WHAT THIS TASK INVOLVES: Would you please repeat exactly the entries below, starting at the line with "Keywords: beach sand" and ending at the line with "9月23日,是中國第五個農(nóng)民", and nothing outside that range? Leave out the pictures.

RECORD EXCERPTS:
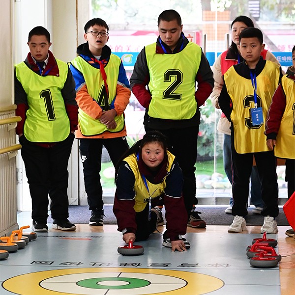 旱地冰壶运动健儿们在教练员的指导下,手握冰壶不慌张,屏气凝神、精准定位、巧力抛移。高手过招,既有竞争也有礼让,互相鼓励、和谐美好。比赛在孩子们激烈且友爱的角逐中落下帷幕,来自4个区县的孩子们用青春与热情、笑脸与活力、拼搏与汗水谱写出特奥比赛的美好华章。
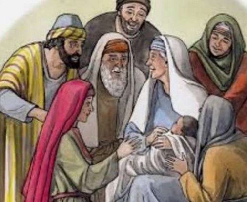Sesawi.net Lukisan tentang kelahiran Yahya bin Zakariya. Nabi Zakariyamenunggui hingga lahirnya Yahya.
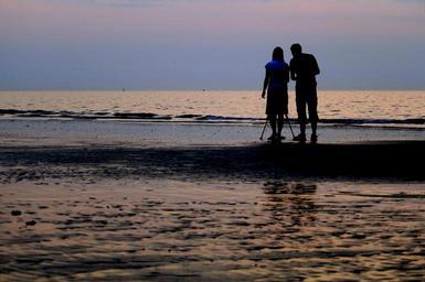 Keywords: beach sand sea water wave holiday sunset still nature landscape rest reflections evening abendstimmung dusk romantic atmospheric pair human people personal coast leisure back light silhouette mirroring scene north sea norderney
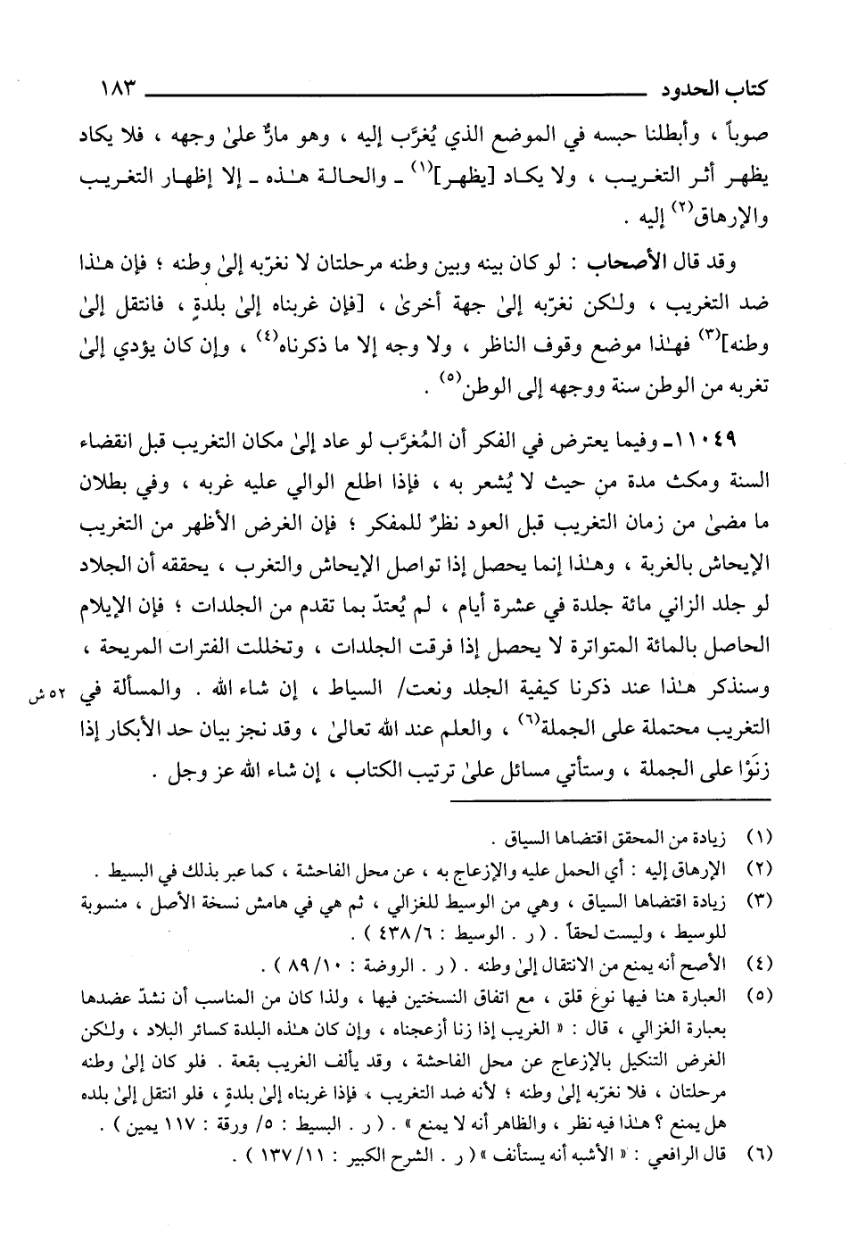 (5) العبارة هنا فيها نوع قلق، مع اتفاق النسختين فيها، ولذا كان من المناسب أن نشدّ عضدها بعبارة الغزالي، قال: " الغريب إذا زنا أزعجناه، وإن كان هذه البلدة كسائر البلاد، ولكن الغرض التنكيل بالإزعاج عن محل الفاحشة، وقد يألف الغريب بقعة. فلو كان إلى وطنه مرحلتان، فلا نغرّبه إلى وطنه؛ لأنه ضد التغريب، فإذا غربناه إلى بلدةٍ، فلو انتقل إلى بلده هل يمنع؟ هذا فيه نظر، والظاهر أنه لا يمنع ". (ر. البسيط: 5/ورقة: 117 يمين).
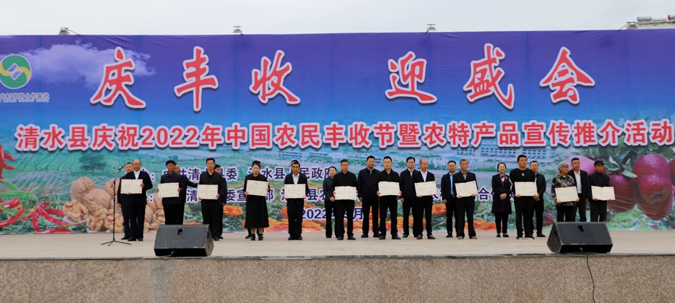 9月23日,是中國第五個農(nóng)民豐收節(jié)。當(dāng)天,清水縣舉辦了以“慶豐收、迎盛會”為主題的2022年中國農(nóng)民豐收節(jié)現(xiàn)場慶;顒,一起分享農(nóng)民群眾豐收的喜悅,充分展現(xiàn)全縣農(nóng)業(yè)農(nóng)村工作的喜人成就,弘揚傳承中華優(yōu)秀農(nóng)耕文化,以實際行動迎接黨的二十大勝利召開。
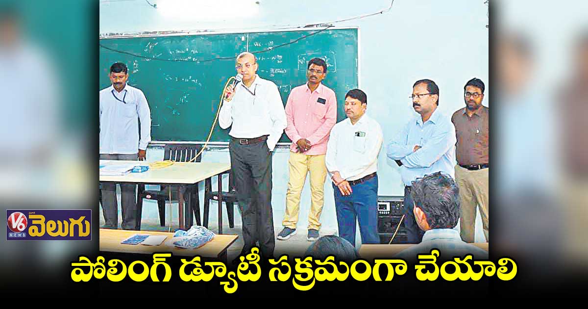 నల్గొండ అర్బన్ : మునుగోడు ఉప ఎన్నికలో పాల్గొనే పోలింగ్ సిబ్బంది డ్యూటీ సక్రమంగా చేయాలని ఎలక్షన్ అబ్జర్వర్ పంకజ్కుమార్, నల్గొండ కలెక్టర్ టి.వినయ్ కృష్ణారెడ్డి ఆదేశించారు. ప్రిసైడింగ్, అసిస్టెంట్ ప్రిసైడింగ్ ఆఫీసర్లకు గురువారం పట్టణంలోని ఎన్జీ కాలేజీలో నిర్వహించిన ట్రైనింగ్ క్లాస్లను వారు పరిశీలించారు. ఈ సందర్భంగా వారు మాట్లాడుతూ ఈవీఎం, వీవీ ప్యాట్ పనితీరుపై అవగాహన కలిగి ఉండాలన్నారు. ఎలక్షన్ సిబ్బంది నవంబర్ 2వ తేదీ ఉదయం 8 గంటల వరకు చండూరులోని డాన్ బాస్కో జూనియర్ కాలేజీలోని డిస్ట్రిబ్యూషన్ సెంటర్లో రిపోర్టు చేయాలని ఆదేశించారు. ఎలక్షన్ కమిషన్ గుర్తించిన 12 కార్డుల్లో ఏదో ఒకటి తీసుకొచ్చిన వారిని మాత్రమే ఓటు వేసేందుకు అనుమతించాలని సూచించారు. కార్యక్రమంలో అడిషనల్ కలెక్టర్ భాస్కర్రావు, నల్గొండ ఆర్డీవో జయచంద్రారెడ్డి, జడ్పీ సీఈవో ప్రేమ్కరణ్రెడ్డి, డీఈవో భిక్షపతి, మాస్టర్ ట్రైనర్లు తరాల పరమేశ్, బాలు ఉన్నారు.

SOLUTION TO THIS PROBLEM:
 Keywords: beach sand sea water wave holiday sunset still nature landscape rest reflections evening abendstimmung dusk romantic atmospheric pair human people personal coast leisure back light silhouette mirroring scene north sea norderney
 (5) العبارة هنا فيها نوع قلق، مع اتفاق النسختين فيها، ولذا كان من المناسب أن نشدّ عضدها بعبارة الغزالي، قال: " الغريب إذا زنا أزعجناه، وإن كان هذه البلدة كسائر البلاد، ولكن الغرض التنكيل بالإزعاج عن محل الفاحشة، وقد يألف الغريب بقعة. فلو كان إلى وطنه مرحلتان، فلا نغرّبه إلى وطنه؛ لأنه ضد التغريب، فإذا غربناه إلى بلدةٍ، فلو انتقل إلى بلده هل يمنع؟ هذا فيه نظر، والظاهر أنه لا يمنع ". (ر. البسيط: 5/ورقة: 117 يمين).
 9月23日,是中國第五個農(nóng)民豐收節(jié)。當(dāng)天,清水縣舉辦了以“慶豐收、迎盛會”為主題的2022年中國農(nóng)民豐收節(jié)現(xiàn)場慶;顒,一起分享農(nóng)民群眾豐收的喜悅,充分展現(xiàn)全縣農(nóng)業(yè)農(nóng)村工作的喜人成就,弘揚傳承中華優(yōu)秀農(nóng)耕文化,以實際行動迎接黨的二十大勝利召開。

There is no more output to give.